When We Collided

“Um, no. I cannot be caged inside that thing; I can’t breathe.”

“It’s literally illegal for you to not wear it. You got pulled over for not wearing it.”

He is dragging down this entire adventure already, and I think about breezing off and just plain old leaving him here. But I’m in a freaking hurry, so I smash the stupid helmet onto my head and rev the engine like a purring cat—no, a jaguar!—ready to prrrowwwwl.

We whizz through Verona Cove and I relish the Vespa’s rhythm beneath me, the way a rider feels the horse’s steady heartbeat beneath him, and they are one. That’s a lost dream of mine, to be a jockey in a tall velvet cap and high leather boots, and I would have been a fantastic jockey, too, because I love horses; I love their proud features, their spirit, their loyalty, even the names of their coloring—bay, palomino, pinto—and I always thought equestrians looked attached to their horses, both being operated by the same control system, like trunk and branch, except you can’t tell which is which because they move together. The Vespa and I breathe in sync and it gallops beneath me and I grip the reins tighter, tighter.

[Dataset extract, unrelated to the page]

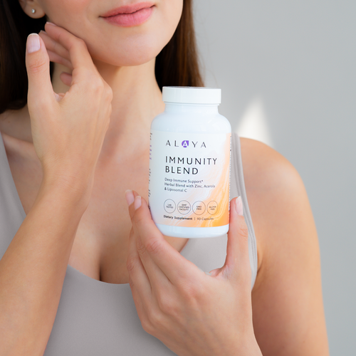 Alaya Immunity Blend supplement bottle on a clear background #hide

The road transitions into Highway 1, or maybe it’s not even called that—like, I only think it’s called that because it’s the number one highway in the world, if you ask me. On the left side we pass trees and trees and little houses, and the right side drops off into the ocean.

“Viv, pull over! Pull over!” Jonah is screaming, blah-blah-blah, overreacting, holding on way too tight to my waist, blah-blah. “I swear to God, Vivi!”

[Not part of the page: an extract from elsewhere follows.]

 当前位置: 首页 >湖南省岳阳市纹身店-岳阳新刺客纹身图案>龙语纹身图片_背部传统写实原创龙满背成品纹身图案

I don’t really hear him until he digs his fingernails into my ribs, and I feel that, yipping.

When I finally veer off to the side of the road, I feel him leap from the bike. He whirls back at me, pulling his helmet off his head. “WHAT is your PROBLEM?”

I push the plastic screen on my helmet up. “Shhhhhhh, stop yelling, I can’t hear my own thoughts, Jonah!”

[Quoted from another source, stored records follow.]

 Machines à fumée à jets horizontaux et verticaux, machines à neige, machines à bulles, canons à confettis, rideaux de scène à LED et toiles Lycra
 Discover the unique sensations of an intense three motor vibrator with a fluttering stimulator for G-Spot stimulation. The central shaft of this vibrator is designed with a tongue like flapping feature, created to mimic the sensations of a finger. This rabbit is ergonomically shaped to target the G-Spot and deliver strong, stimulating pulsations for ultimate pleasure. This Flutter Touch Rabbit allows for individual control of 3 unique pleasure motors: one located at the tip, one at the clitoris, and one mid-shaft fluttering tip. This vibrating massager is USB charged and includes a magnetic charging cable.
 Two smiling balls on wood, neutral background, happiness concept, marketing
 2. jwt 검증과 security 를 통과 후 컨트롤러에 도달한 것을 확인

“You’re speeding like you’re on coke! And did you not see the stop sign back there?”

“Oh, Jonah. Stop signs are just red octagons that people assign power to.”

“Let me drive. Give me your keys.” He’s standing in the grass, a bend in the road, and he has become a bend in my road. I just can’t have him keeping me from my destiny. “I’m driving you home because you’re obviously drunk or high or both.”

“I am NOT, and you will do NO SUCH THING.”

“Viv, you’re scaring the hell out of me right now, okay? Blah-blah-blah-blah-blah-blah.” That’s what I hear anyway, so I toddle my head back and forth, la-la-don’t-care-not-listening. I tune in only for the end of his red-in-the-face rampage of blah-blah glory. “. . . then I’d rather walk home.”

“THEN WALK HOME FOR ALL I CARE, BYE!” I call, and I wish I wasn’t already on the scooter so I could traipse away from him, so I could flounce without a care in the world. Gotta go! Got a whole big world to see, and a whole big world that needs to see me, too, and I can’t be held back by a boy who is naysaying my journey, no matter how beautiful he is, because I’m going to thrash down the coast, scouring through between sea and sky, and I CANNOT BE HELD BACK.

The engine growls, and I stand up on the bike as it lurches forward and the wind grabs my skirt, and I yell “AYE-YI-YI!” because I am made of moondust and twinkle lights, because I’m impervious to the shortsighted mortality of my peers, to their finite days on this planet that they spend being closed-off and insecure and inert. No, no, no, I am more than this world, as wide as the trees all around me. Huzzah!

My grip loosens and my legs compress for a moment, like springs of a coil pressed down. When they release, the tension pushes me up, and I’ve done it. I’m airborne and weightless and soaring and free.





CHAPTER TWENTY

Jonah

What just happened, it happened so fast, what, what, what, NO!

It happened.

My legs and arms go cold, shaky, cramped. I try to run forward, but I stumble. My knees hit the ground, the heels of my hands burn from skidding against ground. I struggle up again.

Someone is screaming. Someone is screaming “HELP SOMEONE HELP.”

I think it’s me.

It happened. Just now. I saw it. Was she actually drunk? I could’ve stopped her.

Vivi went flying from the Vespa. It hit a tree. Was she on it when it hit? I don’t know. Oh God, the thud of her body, the crash of the metal. How she crumpled. I see blood—from her shoulder—and, oh God, bone. My legs fold beneath me again, and I’m retching onto the grass. I try to move toward her even as I heave and heave. When I’m done, I try to pick myself up again.